1) Place the stave on the Temporary Bench Mark (TBM) and the level in an appropriate place moving towards A. Record this as a backsight and in the remarks section call it “TBM1 25.678m AOD” .

2) Move the stave past the level towards A, obtain the next reading and record this as a foresight.

Note: remember because the stave has moved, record this on a new line.

3) Move the level past the stave towards point A and record this as a backsight.

Note: As the stave has not moved, record this backsight on the same line as the previous foresight.

4) Repeat steps 2 and 3 until the level is next to the marks for the point A location.

5) Once at Point A, obtain a series of intermediate levels for each of the 6 points labelling them appropriately in the commends section as A₁,A_2…..A₆, until all points have been recorded.

Note: For the intermediate sights, as you move the stave each time, remember to do a new line.

6) Move the stave towards point B and record this as a foresight on a new line.

7) Keep leapfrogging with the level and stave until you reach point B.

8) Repeat these steps until you have obtained all readings on points B, C, and D.

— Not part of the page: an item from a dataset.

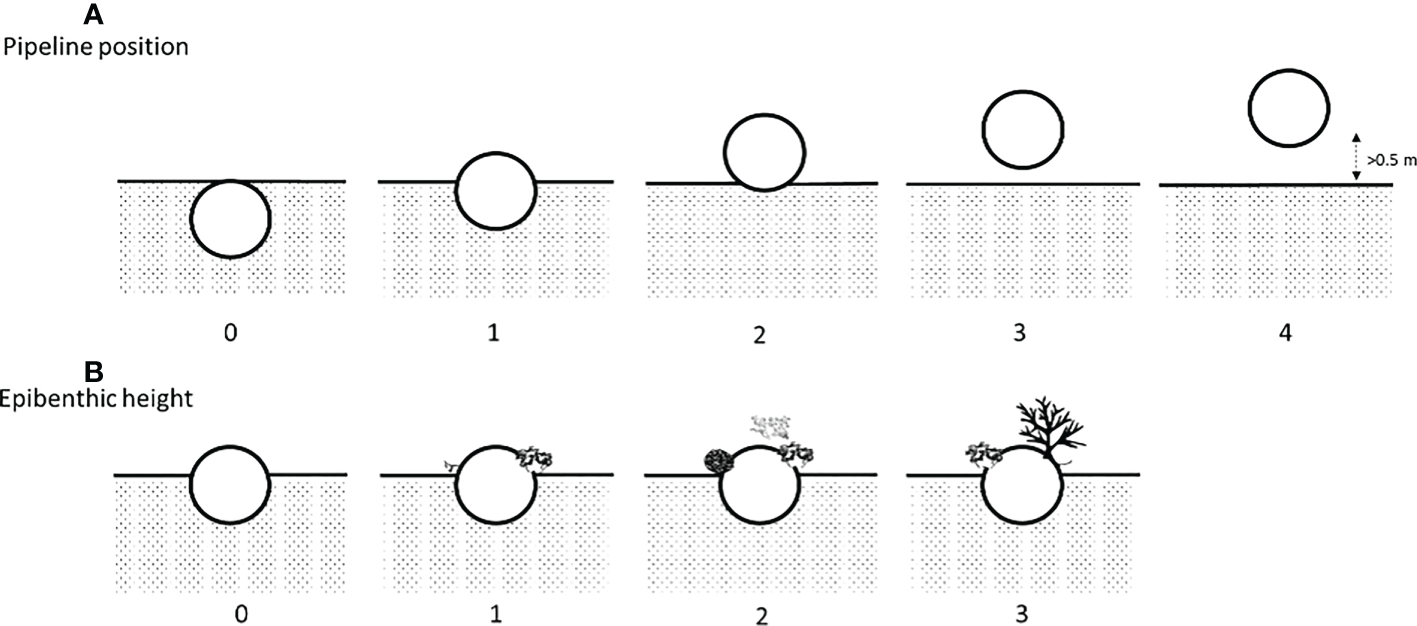 (A) Method of assessing pipeline position with 0: buried; 1: more than half buried; 2: resting on the seafloor; 3: span< 0.5 m; and 4: span > 0.5 m and (B) epibenthic height with 0: negligible; 1: low (0 – 20 cm); 2: medium (20 – 40 cm); and 3: high (> 40 cm). A version of this figure has previously been published in McLean et al., 2020b.

9) Continue fly levelling round to the original bench mark you started. The last reading should be a foresight and on a new line.

10) Count the number of foresights and backsights and ensure that you have the same number of each.

11) Complete the quick check list below, to ensure your survey is accurate to 1mm per change point.

Key Points and Tips

1) Try and pace out when moving the stave or level and keep the number of paces between even. This will help minimise any errors from incorrectly levelling the instrument.

2) Plan set up locations to maximise visibility and simplicity, such as by setting up on the corner of a building to get visibility on both sides.

3) NEVER move both the instrument and the stave at the same time.

Booking Results

Bookkeeping is very important, if a book is correctly filled out errors can often be spotted. There are some rules to ensure that this can be easier:

· Each line in the book relates to a position on the ground for the stave, so if the stave moves, use a new line.

· If the stave stays in the same position, book the next result on the same line.

· The first reading obtained is always a backsight and this should be to a known point, e.g. a Temporary Bench Mark (TBM).

· The last reading should always be a foresight back on a known location. The known location can either be the same point used to start the survey or a different point on the ground with a known height.

· If multiple readings are taken from one level position, the middle results are intermediate sights.

· There should be an equal number of foresights and backsights at the end of the survey.

Example layout for fly levelling

Using the rules above, the below table can be used, with the first reading being a backsight and continually leapfrogging the level and stave (creating foresights and backsights) until ending on the final foresight. At the end of this we can see that there is an even number of each.

Quick Check

To check the error in a survey, obtain the sum of the backsights and the sum of the foresights. When you minus the foresight from the backsight, the difference will give the overall error within the survey.